In case anyone finds this interesting (as it is so glaringly apropos to this "Buy Now" blog post): I ran an A/B test recently of "Buy Now" vs "Purchase" (which is a drastically different and more subtle question than comparing whether people want to install a demo vs. make a purchase), and found almost no difference.
Unfortunately, due to the usage of a multi-armed bandit algorithm (which attempts to "exploit" already learned knowledge to not lose sales during the test), my data is somewhat "skewed" (in that I have an order of magnitude more tests for one of the hypotheses), but here are the raw results:
"Purchase": 35,715 sales from 3,255,882 impressions (1.097%)
"Buy Now": 4,042 sales from 376,227 impressions (1.074%)
If you compare the confidence interfaces with a Beta distribution it is difficult to feel comfortable claiming Purchase is a winner, but that small benefit is why the algorithm kept trying to use it over the other case. Put differently: despite the large sample, I believe that tiny difference is not statistically significant.
(Additionally, for completeness, and as this is important for anyone who might care about this experiment: my app had previously said "Purchase", so there are likely guides online that tell the user how to buy things, or people may have had memories, which may have caused "Buy Now" to be ever so slightly more confusing.)
Did you control for the fact that the 'Try demo' button is red and the 'Buy now' button is blue? I'm sure I've read about A/B test studies (probably on the VWO blog itself), which showed red buttons had higher clickthrough rates than other colours, which could be a big confounding factor.
I just went to the website that did the test, and found that they currently have two buttons: "Try Demo for Free" and "Plans and Pricing", not just the "Try Demo for Free" button as in the winning test.
This makes sense to me - as a matter of fact, while reading the post I was thinking that before trying a demo I usually check the price I would have to pay in the end - but I wonder why this variation wasn't talked about in the article. "Plans and Pricing" isn't a call to action, but having that second button is for sure different than having just one and knowing which clickthrough it gives would be very relevant.
"selling" them on the demo version is not the same as selling the product out (which brings in direct cash in the bank and is the effective "end game").
You need to multiply the demo download conversion with the number who go ahead and make a purchase after trying said demo.
The fact that this was not done brings questions upon the quality of methodology of visualwebsitreoptimiser. Especially when they put out blog posts pimping the results. Up to this point I've been relatively happy with their work and contributions to the A/B field. Which makes this dodgy conclusion a bit of a shame really.
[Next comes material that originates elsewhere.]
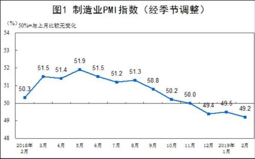 从近日公布的PMI数据来看,2019年2月份,中国制造业采购经理指数(PMI)为49.2%,比上月下降0.3个百分点。
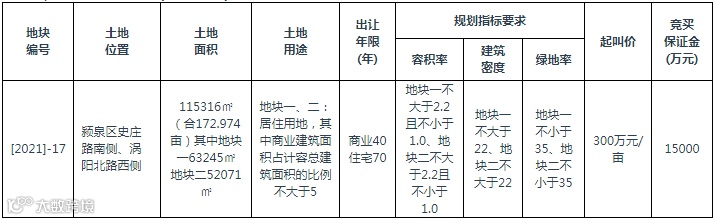 阜阳市将拍卖出让颍泉区史庄路南侧、涡阳北路西侧[2021]-17号地块使用权,规划用途为居住用地,其中商业建筑面积占计容总建筑面积的比例不大于5。申请人可于5月31日到6月22日提交书面申请。

I wrote the case study. The results we publish actually depends on what our customers care for in those particular tests. We don't actively recommend them which tests to run (unless they ask for) so if they don't measure impact on sales (which we would have recommended had they asked for), we can't ask them for the data.
Most customers would know if their sales were negatively impacted during a test, so if you happen to increase demos while still not negatively impacting sales there's nothing wrong with that.
Yes, the customer hinted that their sales did increase and were very happy with results but they don't fully reveal this data (as it can be sensitive).
Unfortunately, due to the usage of a multi-armed bandit algorithm (which attempts to "exploit" already learned knowledge to not lose sales during the test), my data is somewhat "skewed" (in that I have an order of magnitude more tests for one of the hypotheses), but here are the raw results:
"Purchase": 35,715 sales from 3,255,882 impressions (1.097%)
"Buy Now": 4,042 sales from 376,227 impressions (1.074%)
If you compare the confidence interfaces with a Beta distribution it is difficult to feel comfortable claiming Purchase is a winner, but that small benefit is why the algorithm kept trying to use it over the other case. Put differently: despite the large sample, I believe that tiny difference is not statistically significant.
(Additionally, for completeness, and as this is important for anyone who might care about this experiment: my app had previously said "Purchase", so there are likely guides online that tell the user how to buy things, or people may have had memories, which may have caused "Buy Now" to be ever so slightly more confusing.)